Alternative investment management firm Blackwells Capital LLC and its affiliates have submitted an unsolicited offer to the Monmouth Real Estate Investment Corp.’s board for $18 per share, totaling approximately $3.8 billion including the assumption of debt.
Blackwells, a significant owner of the New Jersey-based industrial REIT, submitted its first all-cash offer to Monmouth Board Chairman Eugene Landy on December 1. The offer represents a 21.6% premium to the unaffected share price on that date, the company said.
“As a public company, Monmouth has significantly underperformed comparable industrial REITs over the last five years, further exacerbated by the stock’s lack of liquidity. Blackwells’ cash offer provides shareholders immediate liquidity at a 17% premium above consensus net asset value — though the stock has long traded at a discount to it,” said Jason Aintabi, Blackwells’ chief investment officer. “Our offer also represents a premium to unaffected price well above the average premium for completed REIT deals over the last five years.”
Aintabi claims he spoke with Monmouth CEO Michael Landy, Eugene Landy’s son after the initial offer, only to receive “a puzzling follow-up letter from … Eugene Landy, indicating that on second thought Monmouth would not engage with us, because exploring our offer would ‘not be in the best interests of the company.’ For myriad and tangible reasons, Monmouth in its current state, does not belong in the public markets. Pursuing our offer is the best way to maximize value for all Monmouth shareholders.”
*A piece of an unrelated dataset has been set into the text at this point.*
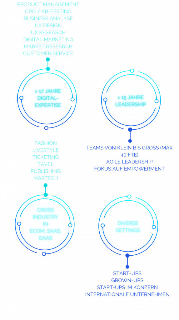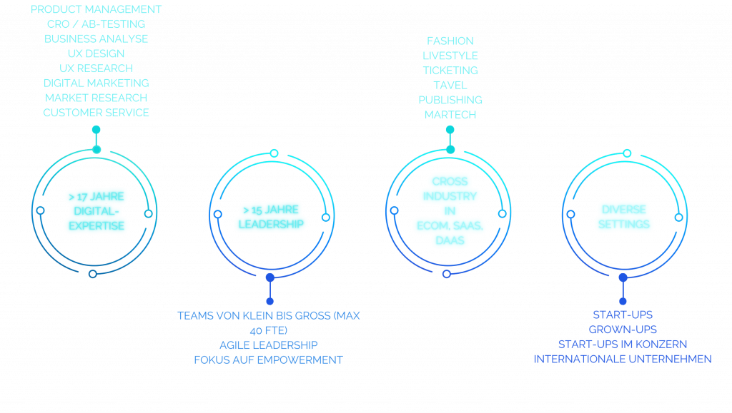 Ganzheitliche Produkt- und Strategiearbeit bedeutet für mich, am Kern und damit am Nutzer zu arbeiten. Mein Fokus liegt daher auf der Identifikation der Nutzerbedürfnissen entlang der Customer Journey und der der darauf basierenden Entwicklung von strategischen Visionen für innovative kundenorientierte Produkte, dem Aufbau von Teams und Strukturen für die Skalierung dieser Produkte und die Operationalisierung in klare Meilensteine für Monetarisierungs- und Wachstumsstrategien.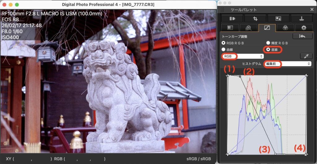- トーンカーブ調整から「直線」、表示ヒストグラムは「編集前」を選択。ドロップダウンメニューは「RGB」を選択。

Blackwells said it believes that a special committee, excluding Landy family, family affiliates and those directors affiliated with UMH Properties Inc., should be formed to objectively review the new Blackwells offer.
“The Monmouth Board of Directors, consistent with its fiduciary duties and in consultation with its financial and legal advisors, will carefully review and consider the revised proposal at its next meeting,” the company said in a press release. “The board and management team are confident in Monmouth’s business plan and are excited about the company’s prospects for continued growth and value creation in 2021 and beyond.”
Venable LLP is serving as Monmouth’s legal counsel, and CS Capital Advisors is acting as the company’s financial advisor.
On December 24, Monmouth announced the acquisition of a 657,518-square-foot industrial building at 3150 Highway 42 in Locust Grove, Georgia, for of $96.7 million. The property is net-leased for 20 years to Home Depot.